Вечером Станислауса погнало на улицу. Ему следовало бы написать для своих далеких учителей сочинение о нибелунгах. Лучше всего о верности Кримгильды. Когда треск мотоцикла разрывал вечернюю тишину, он устремлял глаза в витрину и читал ценники: «Тряпка для пола – двадцать пять пфеннигов», «Банка хрена – 30…»
Девушку-лань он не встретил. Да что он, спятил? Неужто это дитя станет сидеть и дожидаться человека, который в кои-то веки вылез из своего заточения?
У себя на чердаке он отодвинул в сторону всех этих Лилиенкронов, Штормов и Мерике. Он не мог довольствоваться хлебом лирики из их рук. И он испек свой, в собственной духовке:
Девушка-лань!
Мне сердце не рань!
Другого помучай
на всякий случай.
А мне – недосуг.
Прощай, милый друг!
Теперь он опять, хоть ненадолго, был важной персоной. Он заставил расти цветок. Цветок среди зарослей крапивы. «Что поэт хотел этим сказать нам?»
Этого утешения хватило лишь до воскресенья. Его учебный день начался ярко-красным восходом солнца под великую солнечную музыку: «Просыпайтесь, ученые, на своих чердаках!» Ему предстояло для своего заочного преподавателя биологии сделать работу о практической медицинской ценности и применимости дикорастущих трав. На дворе Хельмут готовился к выезду и вызывающе свистел. На руле его мотоцикла висели две пары защитных очков. Пусть все видят, что одной парой ему уже не обойтись.
«Отвар или чай из цветов липы сердцелистной действует как потогонное средство», – писал Станислаус.
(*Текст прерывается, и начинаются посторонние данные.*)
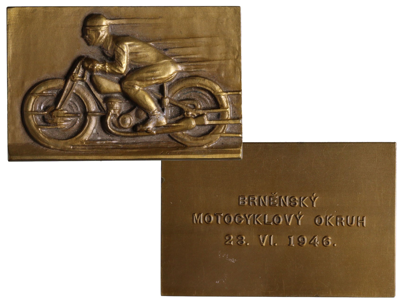 Motorismus - Československo, AE medaile, Motocyklista na motocyklu/ text Brněnský motocyklový okruh 23. VI. 1946, rozměry 44x67 mm

После обеда он сидел в придорожной канаве неподалеку от города. А что, если здесь, лучше, чем где бы то ни было во всем мире, можно наблюдать лечебные дикорастущие травы? Взять, к примеру, репейник: растет обычно возле мусорных куч, а сок его корней способствует росту волос. А вот и он, репейник, ощетинился колючками и один противостоит небу, способствуя росту волос.
Проносящиеся мимо машины Станислаусу не мешали, но зато каждый мотоцикл рвал ниточку его биологических наблюдений. Вот, дребезжа и тарахтя, приближался мотоцикл без глушителя – шум как от двадцати пяти застоявшихся в конюшне лошадей – Хельмут! Станислаус разгневанно вскочил и бросился навстречу тарахтелке. Весь мир свидетель, что тут ученого оторвали от важных занятий. Адская машина Хельмута с воем пронеслась мимо. Из укороченной выхлопной трубы выстрелило «пак-пам!», и Станислауса обдало пылью. Глупый дорожный ротозей, человек без колес.
В ветвях яблони овсянка щебетала свои печальные строфы. Станислаус бросил камешком по ветвям. Овсянка перелетела на телеграфный столб и там продолжала петь.
Вечером по крыше застучал дождь. Это утешало. От этого сплошного дождя не спастись никому, кто лежит под кустом, сидит под деревом или на мотоцикле.
И пусть юная лань видит, что она натворила. Неужто здесь, на земле, души так дешевы, что можно их давить мотоциклом?
Он написал письмо. Коротко и ясно. Одни убивают людей, другие убивают души. Что страшнее? Это письмо вместе со стихами он вложил в конверт и еще ночью опустил его в почтовый ящик.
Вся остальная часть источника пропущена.